Residents of long-term care facilities are at increased risk for serious outcomes of COVID-19. As vaccines are now being offered to this priority population, the Government of Canada is investing over $2 million through Canada’s COVID-19 Immunity Task Force (CITF) for two studies in British Columbia (BC) and Alberta which will investigate how the immune systems of elderly residents and staff in these facilities respond to COVID-19 infection and vaccination.
“These long-term care studies are critically important for a number of reasons,” says Mel Krajden, MD, FRCPC, CITF Leadership Group member. He is also the Medical Director of BC Centre for Disease Control Public Health Laboratory, and Professor, Pathology and Laboratory Medicine, University of British Columbia. “Residents who are exposed can now help us understand more about how immunity develops, and why elderly individuals have been so vulnerable to the virus,” he continues. “With vaccine rollout underway, we need to collect evidence now about how the immune systems of elderly people react to vaccines so that we can make the best use of vaccination to protect them.”

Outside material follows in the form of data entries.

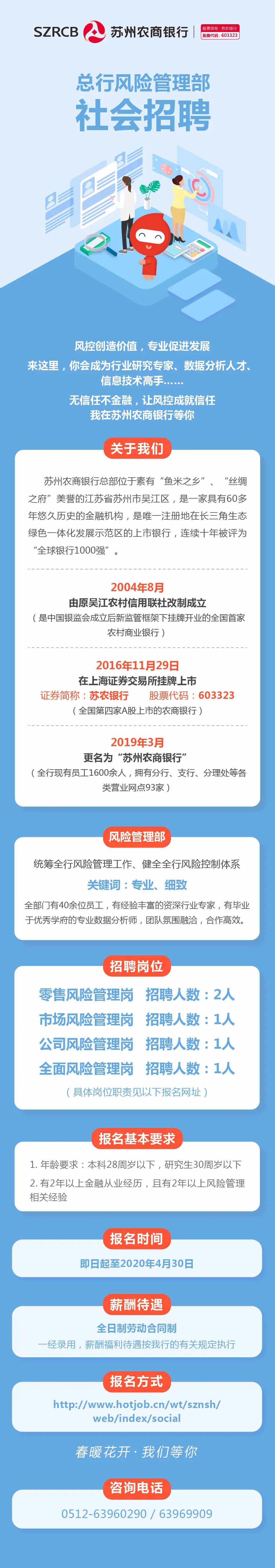 2020年蘇州農(nóng)商銀行總行風(fēng)險管理部社會招聘啟事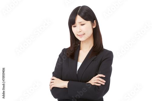 woman, ol, work, business, suit, job hunting, recruit, contemplate, sad, hesitate, apprehension, unrest, ambivalence, trouble, regret, fatigue, overwork, sluggish, weary, japanese, japan, asian, white background, sweet, young, pretty, clean, alone, isolated, girl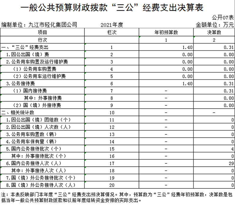 (二)公务接待费支出年初预算数为1.4万元,决算数为0.31万元,完成预算的22.14%,决算数较2020年增加0.08万元,增加34.78%,主要原因是:2021年因疫情影响未召开年度工作会,下面县手工业联社汇报工作次数有所增加。全年国内公务接待 4 批, 累计接待 29人次,其中外事接待 0 批,累计接待 0 人次,主要为:公务活动需要。
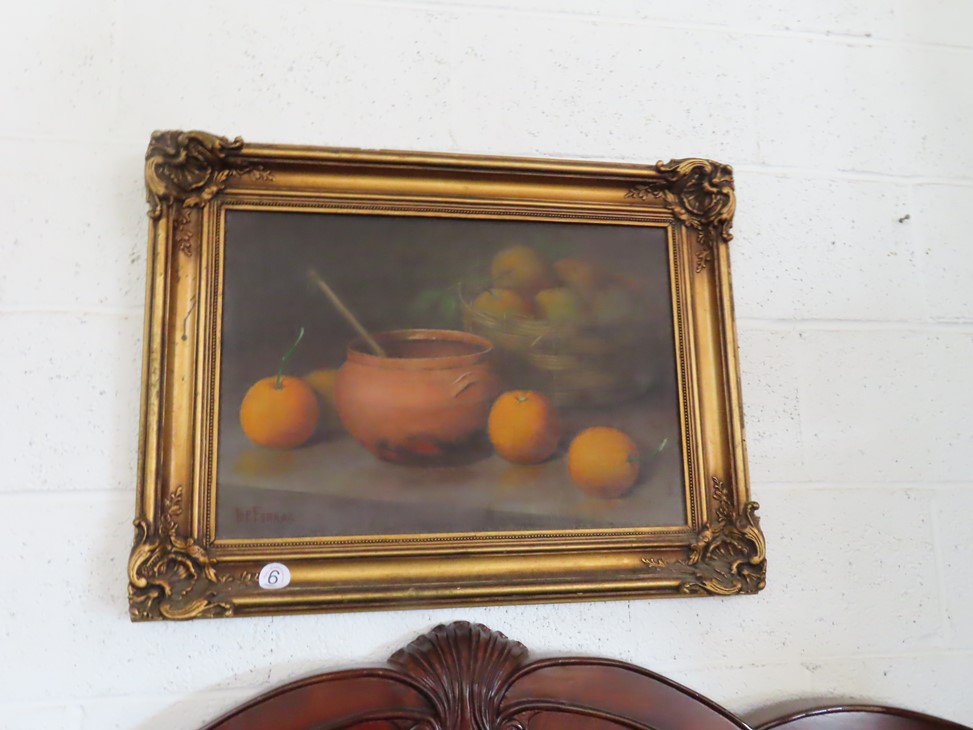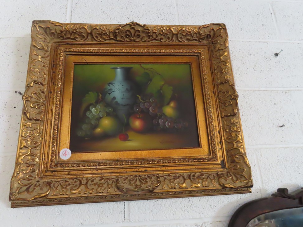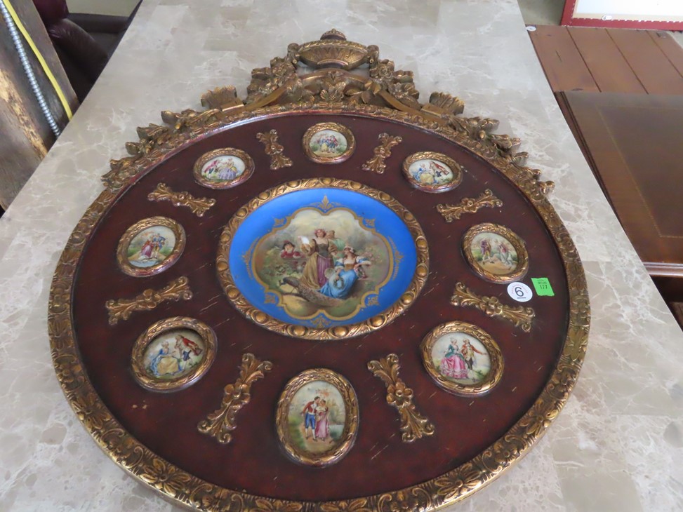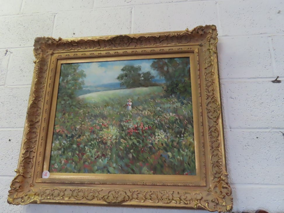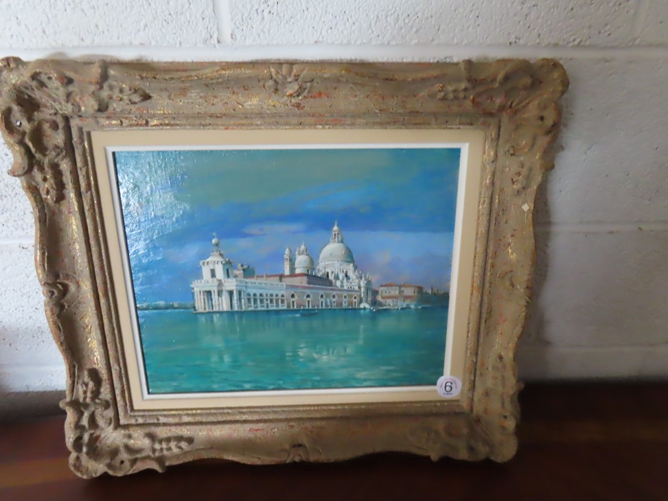 ART & SILVER: Lots of great art! Porcelain medallion plaque with large central medallion; Floral still-life; Fine landscapes; Woman in flower field; Still-life with fruit; Still-life with oranges; Nicely done cottage & river crossing painting; Large pair of Oriental man & woman wall plaques; Buddhas; Water buffalo carving; Tabletop size kneeling goddess; Horse figure; Oriental statues; Fighting cocks; Peacock set; Ducks; set; Bird figurines; Angel fish sculpture; Lots of white figurine sets; Stained glass panel; Painting of Venice; More fine original art-Could be sleepers here!; Sterling & silver-plate! Flatware; Silver rim coasters; Trays; Dresser set; Teapot; Serving dishes; Shakers; Spoons; Letter holder; Candlesticks; Butter knife set; Serving platter with dolphin; Goblets; Ice bucket; Serving utensil set and much more!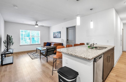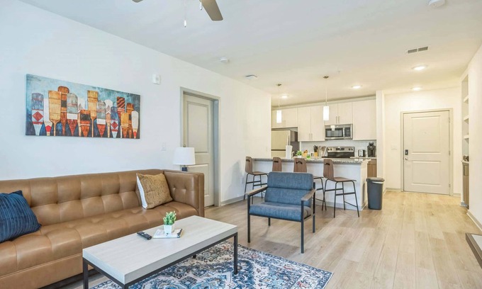 Step into style and comfort with thoughtfully designed spaces featuring luxurious wood-style flooring, stainless-steel appliances, and stunning tile backsplashes complemented by sleek granite countertops. Each home boasts high-powered Wi-Fi, a deluxe 65” flat-screen TV, and contemporary furnishings. Soaring nine-foot ceilings, designer lighting, and ceiling fans create an airy and inviting atmosphere.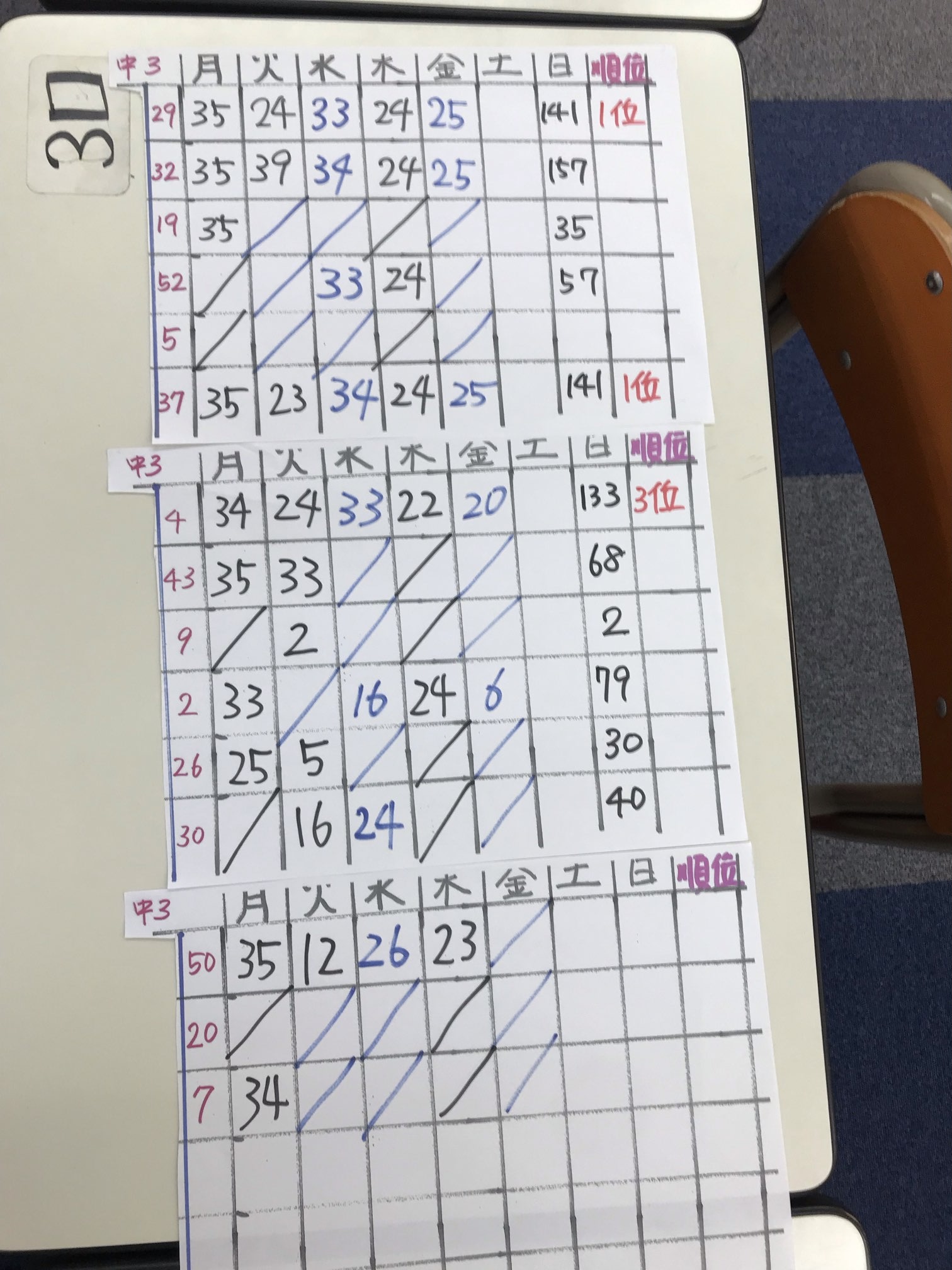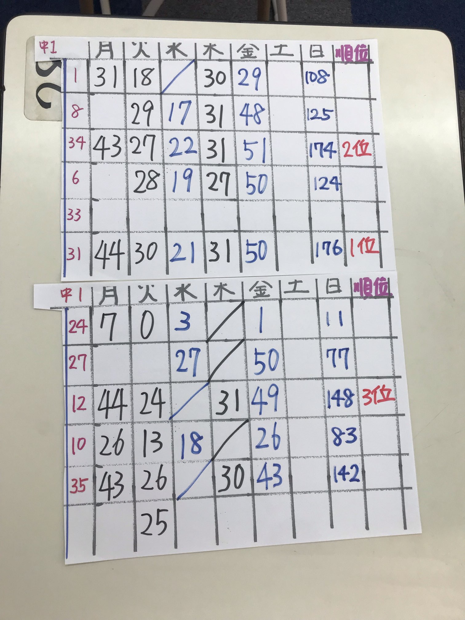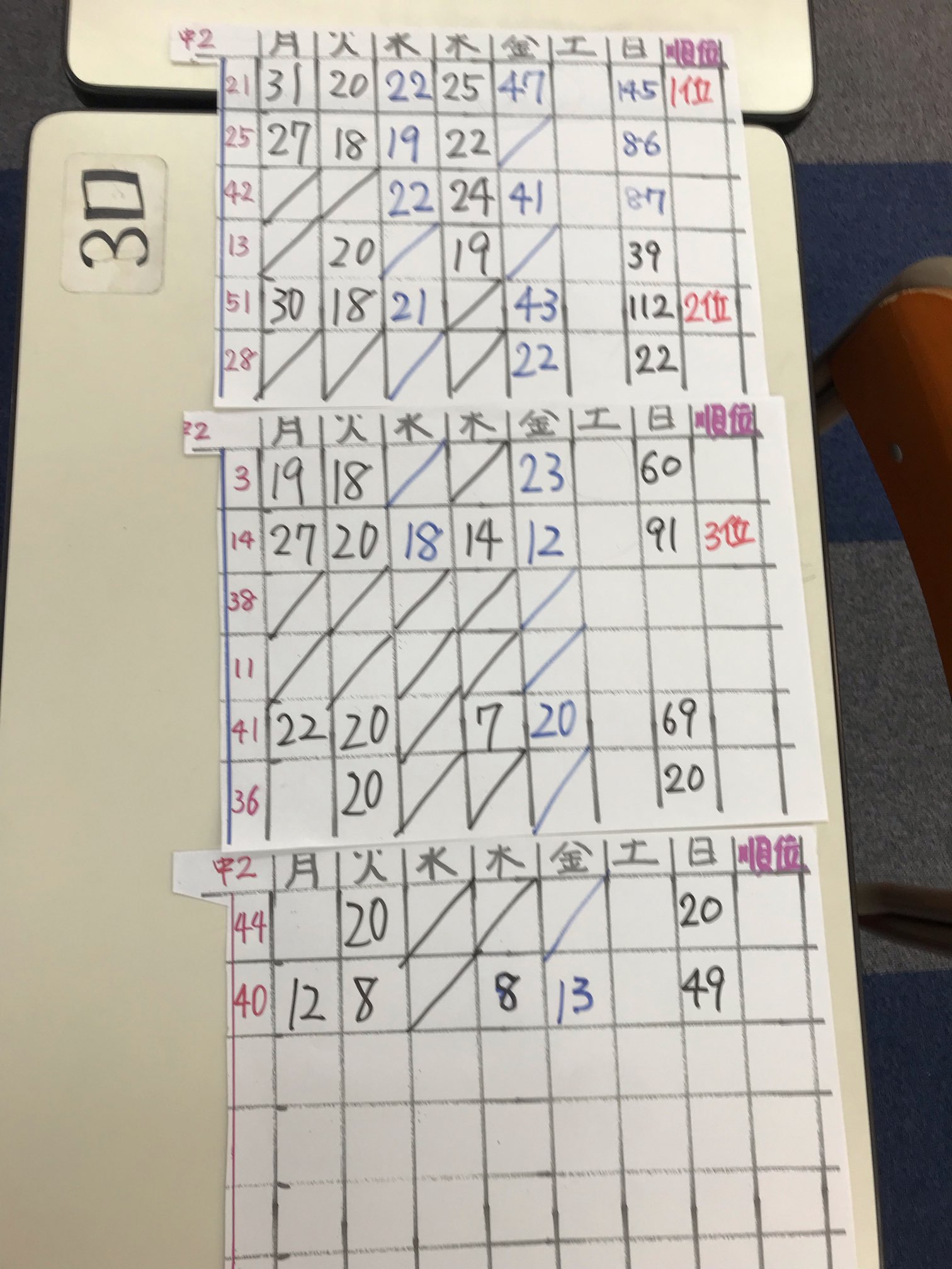 日曜日の数字は合計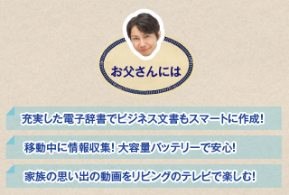 カンタンで分かりやすい使い心地をとことん追求した「かんたんスタイル」をご用意。大画面のタブレットを贅沢に使ったアプリの配置や表示などで、いつでもどこでも、やりたいことを手軽にすばやく実行できます。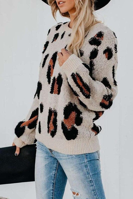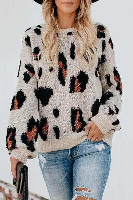 Cheetah Round Neck Knit Sweater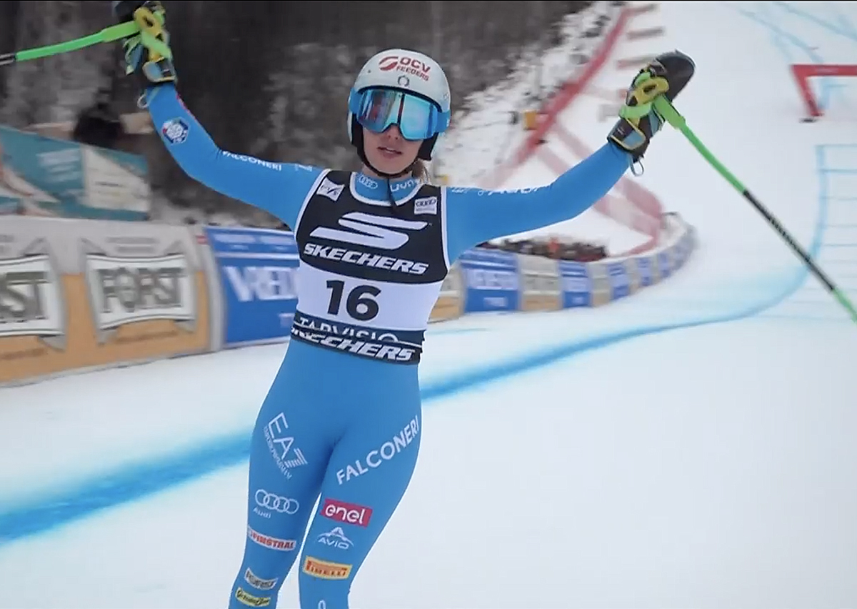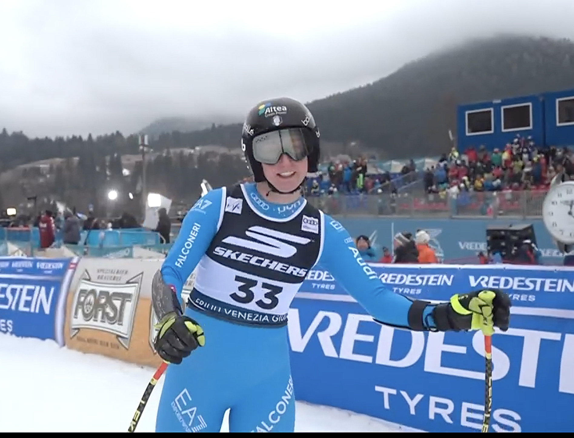 È il gran giorno della giovane tedesca Emma Aicher, 22 anni al suo quarto successo in Coppa del Mondo (settimo podio). Al traguardo allarga le braccia Lindsey Vonn, che scia sulla stessa linea ma perde la gara sul finale, finendo alle spalle di Emma per 27/100 quando le era davanti fino al terzo settore. Il terzo gradino del podio lo firma Ester Ledecka, che conclude a 9 decimi. Una gran bella soddisfazione per il grande Much Mair, chiamato ad allenarla dalla stessa Ester.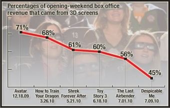 And now, Hollywood is completely in crisis! In the last few months, stocks of RealD (the company behind cinematic 3D), Dreamworks and Disney have plummeted (by something between 10-15%) because their just not making back the money that it takes to make their 3D films.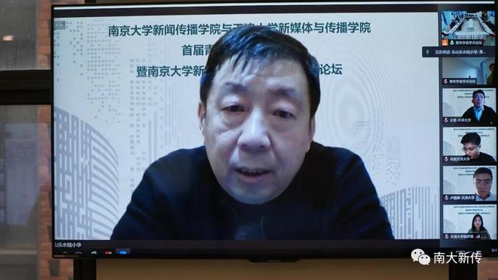 天津大学新媒体与传播公司经理陆小华教授首先致辞。他表示,一个集体的活力来源于该集体的年轻群体的活力,一个群体的未来也与其中年轻群体的质量及其关注的问题相关,他衷心地期待参与论坛的各位学者能够有远见、有作为、有成果,为新闻传播学界做出贡献。

The objective of the first study, led by researchers from the University of British Columbia (UBC), Providence Health Care, Simon Fraser University, and the BC Centre for Excellence in HIV/AIDS, is to investigate how elderly peoples’ immune systems respond to COVID-19 vaccines. The researchers will also assess the viral, immunological and social factors that have contributed to COVID-19 outbreaks in long-term care facilities, to better understand why the disease has been fatal to so many residents.